FullCatalog_df = pd.read_csv('A1942nohead.tsv', sep='\t', header=[0])


Count the number of sources, and print that out.

In [None]:

FullCount = len(FullCatalog_df)
print(FullCount)

# take a look at the first few rows of the data structure

FullCatalog_df.head()


In astronomy, we often describe how bright an object is using magnitudes rather than raw fluxes.

Let’s walk through how flux relates to magnitude, what the zero point means, and how to correctly compute errors on magnitudes from flux errors.

### Magnitude–Flux Relationship

The **apparent magnitude** $m$ of a source is related to its measured flux $F$ (in some band, here the *i*-band) through the formula:


$m = -2.5 \, \log_{10}(F) + C$


- $F$: the observed flux of the object.  
- $C$: the **zero point**, a constant that sets the magnitude scale.  

---

### What is the Zero Point?

The **zero point** ensures that the magnitude system matches a standard reference.  
- Historically, the zero point was chosen so that bright stars like Vega have magnitude close to 0 in optical bands.  
- In modern CCD-based surveys, the zero point comes from calibrations that convert instrumental flux counts into physical magnitudes.  

---

### Error Propagation: From Flux to Magnitude

We also need the **uncertainty on the magnitude** $\sigma_m$, given the flux error $\sigma_F$.

The general rule is:

$
\sigma_m = \left| \frac{dm}{dF} \right| \, \sigma_F
$

#### Step 1. Differentiate the magnitude formula:

$
m(F) = -2.5 \log_{10}(F) + C
$

$
\frac{dm}{dF} = -\frac{2.5}{\ln(10)} \cdot \frac{1}{F}
$

#### Step 2. Apply error propagation:

$
\sigma_m = \frac{2.5}{\ln(10)} \cdot \frac{\sigma_F}{F}
$

Note that that $\frac{2.5}{\ln(10)} ≈ 1.0857$, which is pretty darn close to 1.0

This shows that:
- The **relative error in flux** ($\sigma_F/F$) is what matters.  
- For modest variations in flux, the magnitude difference is approximately equal to the fractional flux uncertainity. If sigma_m is 0.1, then fractional uncertainty is 10% and reciprocal of that, the signal to noise ratio, is 10.
- Magnitude errors get larger for faint sources (small $F$) because dividing by $F$ amplifies uncertainties.  
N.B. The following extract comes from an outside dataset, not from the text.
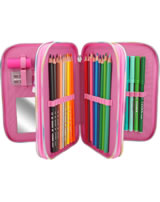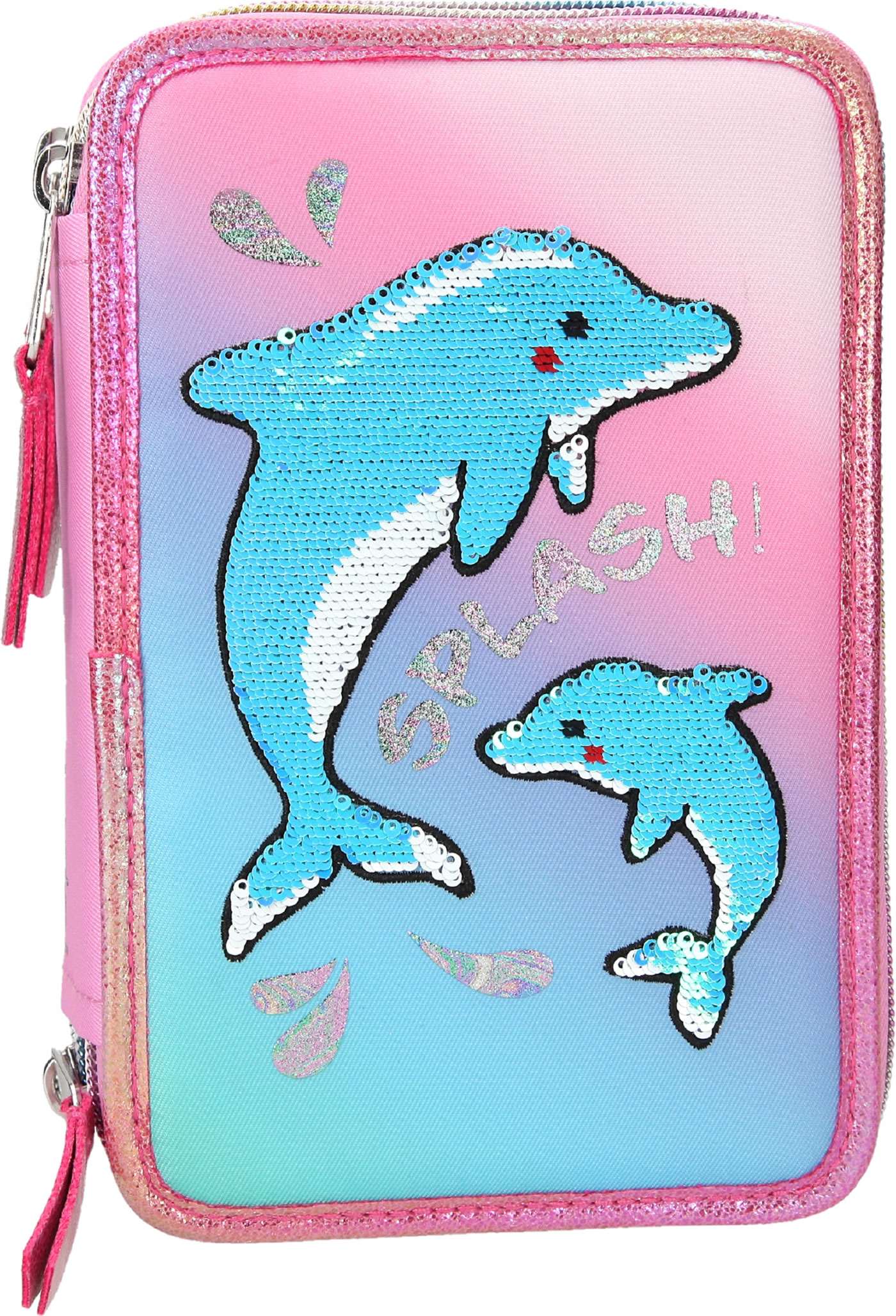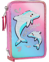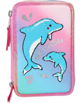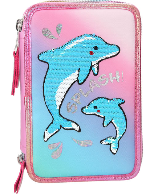 Splish Splash! Putzige Delfine mit Streichpailletten auf Farbverlauf, moderne Druckdetails im irisierenden Multicolor - all das bietet die 3fach Federtasche. Gefüllt mit Lineal, Schere, Klebestift, 2 Bleitiften, Radierer, Anspitzer, 18 Bunt- & Filstiften.

**For reasonable SNR values, the magniture uncertainty is approximately the inverse of the SNR.**


Let's now add another plot, that looks at signal-to-noise ratio for galaxy photometry. For modest values of uncertainty, the uncertainty in magnitudes is roughly the fractional uncertainty in flux (see explanation above). So $\sigma_m$ of 0.1 mag corresponds to a 10% flux uncertainty, or a signal to noise ratio of 10.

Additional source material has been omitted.